Spinal cord injury (SCI) interrupts connections between the motor cortex (MCX) and spinal motor circuits. We propose a novel approach to treat paralysis and weakness after spinal cord injury (SCI) by combining (1) dual MCX and spinal cord stimulation to promote corticospinal tract (CST) axonal outgrowth and activity-dependent synapse formation, and (2) implantation at the spinal injury site of a hydrogel biomaterial. MCX epidural stimulation is a neuromodulatory approach that upregulates the mTOR and Jak/Stat signaling pathways?essential for CST axon regeneration and CST injury-dependent sprouting?to promote CST axon sprouting, synapse formation, and motor function after injury. The effects of MCX stimulation therapy is potentiated by cathodal trans-spinal direct current stimulation (tsDCS), a non-invasive neuromodulatory approach that can be rostrocaudally- targeted to activate the spinal cord. However, the recovery that can be achieved by activity-based repair strategies is limited by the physical damage and the cavity at the injury site.

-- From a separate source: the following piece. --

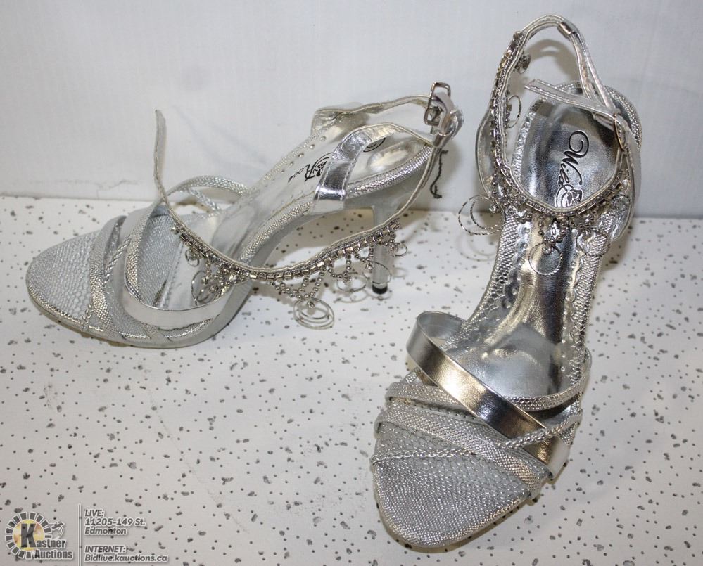 PAIR OF SILVER OPEN TOE STRAPPY HEELS SIZE 10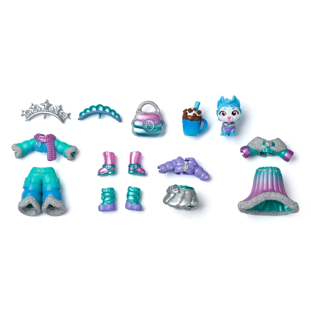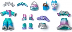- 1 punčka Chloe, 3 outfiti, 2 para čevljev, 2 tiare, prigrizek, hišni ljubljenček, torbica v obliki srca

Our dual neuromodulatory strategy, alone, cannot achieve sufficient CST outgrowth and circuit repair needed to restore significant function after a traumatic SCI. To achieve greater motor recovery after SCI, we will combine neuromodulation with implantation of Chitosan engineered as a fragmented physical hydrogel suspension (Chitosan-FPHS). This new and patented formulation remodels the injury site. Chitosan-FPHS helps abrogate physical barriers at the lesion site and enhances axonal growth into and through the injury. Chitosan-FPHS therapy significantly improves motor function after thoracic hemisection. In this proposal, we use an adult rat C4 midline contusion model and combine published biomaterial implantation and neuromodulation methods in a novel way to repair the motor system.
In Aim 1, we will determine the efficacy of Chitosan-FPHS hydrogel implantation combined with the dual neuromodulation therapy in promoting CST axonal outgrowth and MCX evoked spinal cord and muscle responses.
In Aim 2, we will determine the efficacy of Chitosan- FPHS hydrogel implantation combined with dual neuromodulation therapy in promoting motor function after cervical SCI. Together, our combined neuromodulatory and biomaterial-based approach aims to induce persistent structural plasticity after SCI. This approach could lead to recovery of substantial motor control in our animal model and could be translated to improve function in people with SCI.
We take a novel approach to treat paralysis and weakness after SCI by combining neuromodulation to promote corticospinal tract axonal outgrowth, and implantation of a biomaterial at the injury site to promote remodeling and repair. This combined approach aims to induce persistent structural plasticity and recovery of motor function in people with SCI.